Don't include any picture when you restate the data word for word.
══ DATA FOR THIS TASK
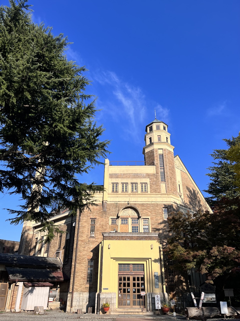 このときは反対側へ歩いたけれども、平らだし景色も変化がなくて退屈なので、引き返して裏通りを探検したりして、隣にある片倉館の裏側から通り抜けて戻ってきました。
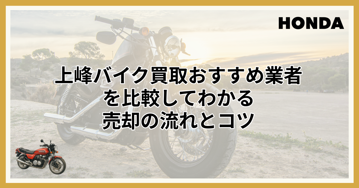 この記事では、上峰エリアでおすすめのバイク買取業者を厳選してご紹介します。各業者の特徴やサービス内容を詳しく解説しますので、ぜひ参考にして、あなたのバイク売却を成功させてください。
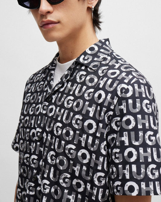 Vendor:HUGO Ebor Relaxed Fit Mens Stretch Cotton Shirt - Black 001 - Black 001HUGO
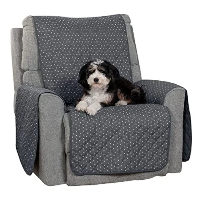 FURNITURE PROTECTION: The furniture protector covers the seating area, backrest, as well as both armrests to better guard your living room furniture against pet- or human-related stains, spills, and debris WATER-RESISTANT: The furniture cover surface features thread-free pinsonic quilting with water-repellent coating to maximize protection against spills and accidents SLEEP SURFACE: The quilted fabric is gentle on noses and paws for enhanced snuggling comfort; the reversible surface design also features cute polka paw print design on one side and a stark solid color on the other SAFE AND SECURE: To keep from shifting and sliding, the cover comes with an adjustable elastic band that wraps around the backrest, as well as anchors that sink in between the cushions to keep it fastened securely against the furniture PRODUCT DETAILS: Gray; Recliner, 25" (Base Width), 85" x 90" x 0.25" (Overall) AVAILABLE VARIANTS: The furniture protector comes in Biscuit Brown and Gray; it's also available in Chair, Recliner, Loveseat, and various Sofa sizes EASY CARE: The furniture protector is made easy to clean for your convenience; for more specific cleaning instructions, please refer to the hang tag and/or seam label (if applicable)
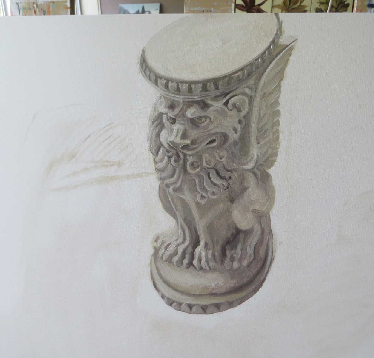 I actually tried starting this yesterday. Spent an hour drawing it in, then realized I’d chosen the wrong size canvas. Wiped the whole thing off, got a slightly larger (and squarer) canvas and started drawing it in this afternoon. Had several total wipe-outs until I could get it just the right size, right spot and angle. Decided I’d better quit while I was ahead. Tomorrow I’m (supposedly) going plein air painting at a peony farm. I DO have things planned for this, though. There is a method to my madness.
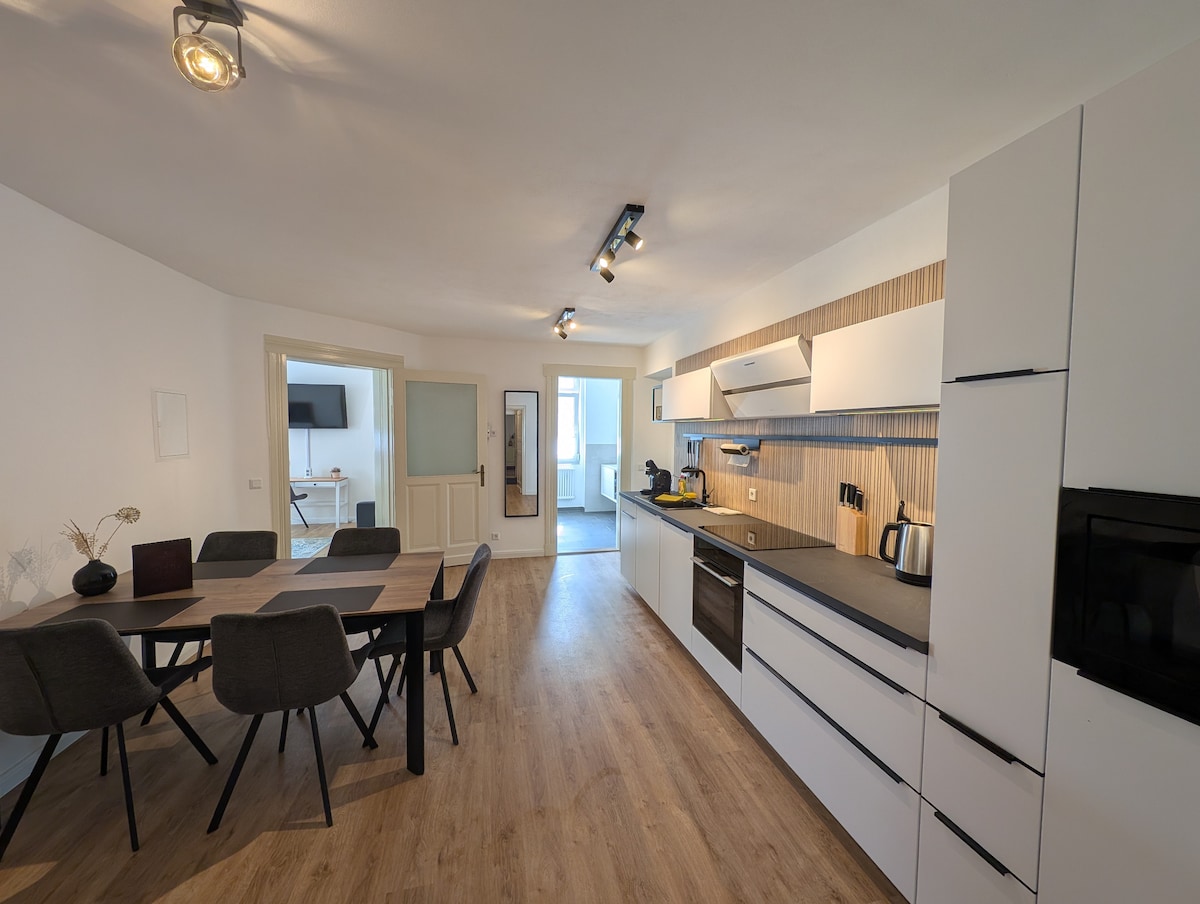 30qm Wohnung in saniertem Zweifamilienhaus Eingangsbereich Hauptraum 1,60m Bett, Couch (mit Schlaffunktion in 1,30m Breite), Esstisch als Anrichte ausgeführt Küche voll ausgestattet (Premium Geräte, Kaffee, Tee, Trinkschoki for free) gegenüber Doppel-Waschtisch links davon Eingang zur offenen Regen-Dusche rechts davon Toilette (abschließbare Tür) el. Rolläden Hauptraum & Klo Plissees an allen Fenstern Fahrzeug(e) kann direkt vorm Grundstück geparkt werden (Sackgasse)! Hof noch nicht saniert
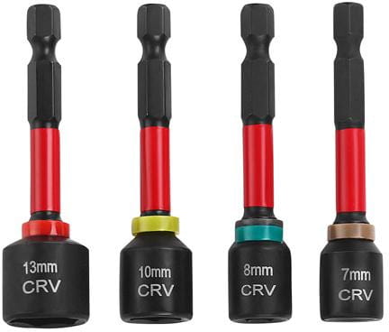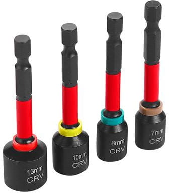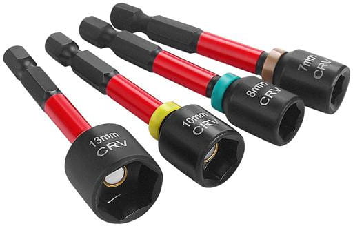 Komplet czterech nasadek z wbudowanym magnesem, przeznaczonych do wkrętarek i wiertarek z uchwytem sześciokątnym 1/4". Nasadki wykonano ze stali utwardzanej i wyposażono w magnes wewnętrzny, który utrzymuje śrubę w pozycji roboczej bez konieczności jej przytrzymywania — szczególnie przydatne podczas pracy w ograniczonej przestrzeni lub nad głową.
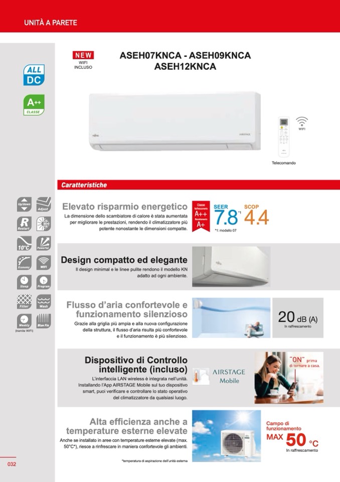 50°C*), riesce a rinfrescare in maniera confortevole gli ambienti.
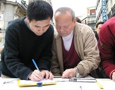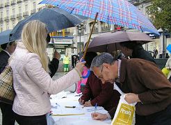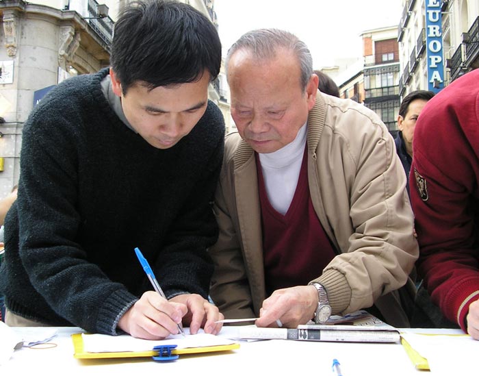 当他们得知到中国的警察是受到中共独裁政府的控制时,一个年轻女孩说:“真希望我们的签名能够帮助制止这场迫害,希望你们能坚持反抗到底,西班牙的佛朗哥独裁政权也是在西班牙人的共同努力下倒台的,中国人民也一定会获得自由的!”
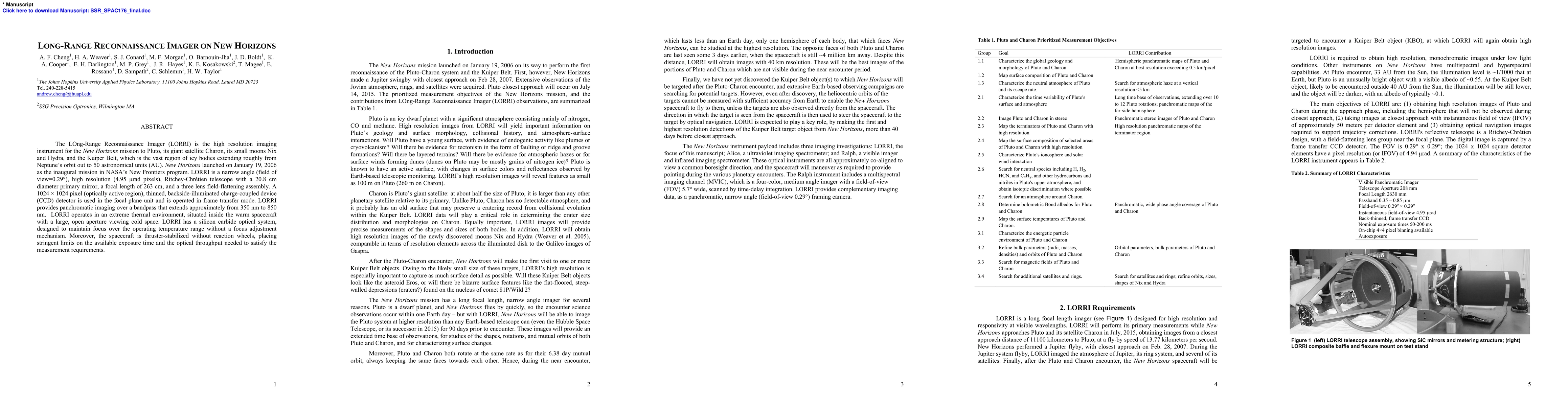 The LOng-Range Reconnaissance Imager (LORRI) is the high resolution imaging instrument for the New Horizons mission to Pluto, its giant satellite Charon, its small moons Nix and Hydra, and the Kuiper Belt, which is the vast region of icy bodies extending roughly from Neptune's orbit out to 50 astronomical units (AU). New Horizons launched on January 19, 2006 as the inaugural mission in NASA's New Frontiers program. LORRI is a narrow angle (field of view=0.29 deg), high resolution (4.95 microrad pixels), Ritchey-Chretien telescope with a 20.8 cm diameter primary mirror, a focal length of 263 cm, and a three lens field-flattening assembly. A 1024 x 1024 pixel (optically active region), thinned, backside-illuminated charge-coupled device (CCD) detector is used in the focal plane unit and is operated in frame transfer mode. LORRI provides panchromatic imaging over a bandpass that extends approximately from 350 nm to 850 nm. LORRI operates in an extreme thermal environment, situated inside the warm spacecraft with a large, open aperture viewing cold space. LORRI has a silicon carbide optical system, designed to maintain focus over the operating temperature range without a focus adjustment mechanism. Moreover, the spacecraft is thruster-stabilized without reaction wheels, placing stringent limits on the available exposure time and the optical throughput needed to satisfy the measurement requirements.
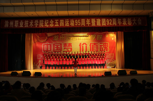 表彰大会结束后,经贸系主任翁嘉晨、党总支书记陈开兵带领合唱队积极参加了“中国梦、价值魂”主题大合唱比赛,嘹亮的声,磅礴的气势,精心的舞蹈,展现出经贸师生对祖国的无限热爱,最终获得了二等奖的好成绩。
════
◆ RESULT OF THIS TASK:
 このときは反対側へ歩いたけれども、平らだし景色も変化がなくて退屈なので、引き返して裏通りを探検したりして、隣にある片倉館の裏側から通り抜けて戻ってきました。
 この記事では、上峰エリアでおすすめのバイク買取業者を厳選してご紹介します。各業者の特徴やサービス内容を詳しく解説しますので、ぜひ参考にして、あなたのバイク売却を成功させてください。
 Vendor:HUGO Ebor Relaxed Fit Mens Stretch Cotton Shirt - Black 001 - Black 001HUGO
 FURNITURE PROTECTION: The furniture protector covers the seating area, backrest, as well as both armrests to better guard your living room furniture against pet- or human-related stains, spills, and debris WATER-RESISTANT: The furniture cover surface features thread-free pinsonic quilting with water-repellent coating to maximize protection against spills and accidents SLEEP SURFACE: The quilted fabric is gentle on noses and paws for enhanced snuggling comfort; the reversible surface design also features cute polka paw print design on one side and a stark solid color on the other SAFE AND SECURE: To keep from shifting and sliding, the cover comes with an adjustable elastic band that wraps around the backrest, as well as anchors that sink in between the cushions to keep it fastened securely against the furniture PRODUCT DETAILS: Gray; Recliner, 25" (Base Width), 85" x 90" x 0.25" (Overall) AVAILABLE VARIANTS: The furniture protector comes in Biscuit Brown and Gray; it's also available in Chair, Recliner, Loveseat, and various Sofa sizes EASY CARE: The furniture protector is made easy to clean for your convenience; for more specific cleaning instructions, please refer to the hang tag and/or seam label (if applicable)
 I actually tried starting this yesterday. Spent an hour drawing it in, then realized I’d chosen the wrong size canvas. Wiped the whole thing off, got a slightly larger (and squarer) canvas and started drawing it in this afternoon. Had several total wipe-outs until I could get it just the right size, right spot and angle. Decided I’d better quit while I was ahead. Tomorrow I’m (supposedly) going plein air painting at a peony farm. I DO have things planned for this, though. There is a method to my madness.
 30qm Wohnung in saniertem Zweifamilienhaus Eingangsbereich Hauptraum 1,60m Bett, Couch (mit Schlaffunktion in 1,30m Breite), Esstisch als Anrichte ausgeführt Küche voll ausgestattet (Premium Geräte, Kaffee, Tee, Trinkschoki for free) gegenüber Doppel-Waschtisch links davon Eingang zur offenen Regen-Dusche rechts davon Toilette (abschließbare Tür) el. Rolläden Hauptraum & Klo Plissees an allen Fenstern Fahrzeug(e) kann direkt vorm Grundstück geparkt werden (Sackgasse)! Hof noch nicht saniert
 Komplet czterech nasadek z wbudowanym magnesem, przeznaczonych do wkrętarek i wiertarek z uchwytem sześciokątnym 1/4". Nasadki wykonano ze stali utwardzanej i wyposażono w magnes wewnętrzny, który utrzymuje śrubę w pozycji roboczej bez konieczności jej przytrzymywania — szczególnie przydatne podczas pracy w ograniczonej przestrzeni lub nad głową.
 50°C*), riesce a rinfrescare in maniera confortevole gli ambienti.
 当他们得知到中国的警察是受到中共独裁政府的控制时,一个年轻女孩说:“真希望我们的签名能够帮助制止这场迫害,希望你们能坚持反抗到底,西班牙的佛朗哥独裁政权也是在西班牙人的共同努力下倒台的,中国人民也一定会获得自由的!”
 The LOng-Range Reconnaissance Imager (LORRI) is the high resolution imaging instrument for the New Horizons mission to Pluto, its giant satellite Charon, its small moons Nix and Hydra, and the Kuiper Belt, which is the vast region of icy bodies extending roughly from Neptune's orbit out to 50 astronomical units (AU). New Horizons launched on January 19, 2006 as the inaugural mission in NASA's New Frontiers program. LORRI is a narrow angle (field of view=0.29 deg), high resolution (4.95 microrad pixels), Ritchey-Chretien telescope with a 20.8 cm diameter primary mirror, a focal length of 263 cm, and a three lens field-flattening assembly. A 1024 x 1024 pixel (optically active region), thinned, backside-illuminated charge-coupled device (CCD) detector is used in the focal plane unit and is operated in frame transfer mode. LORRI provides panchromatic imaging over a bandpass that extends approximately from 350 nm to 850 nm. LORRI operates in an extreme thermal environment, situated inside the warm spacecraft with a large, open aperture viewing cold space. LORRI has a silicon carbide optical system, designed to maintain focus over the operating temperature range without a focus adjustment mechanism. Moreover, the spacecraft is thruster-stabilized without reaction wheels, placing stringent limits on the available exposure time and the optical throughput needed to satisfy the measurement requirements.
 表彰大会结束后,经贸系主任翁嘉晨、党总支书记陈开兵带领合唱队积极参加了“中国梦、价值魂”主题大合唱比赛,嘹亮的声,磅礴的气势,精心的舞蹈,展现出经贸师生对祖国的无限热爱,最终获得了二等奖的好成绩。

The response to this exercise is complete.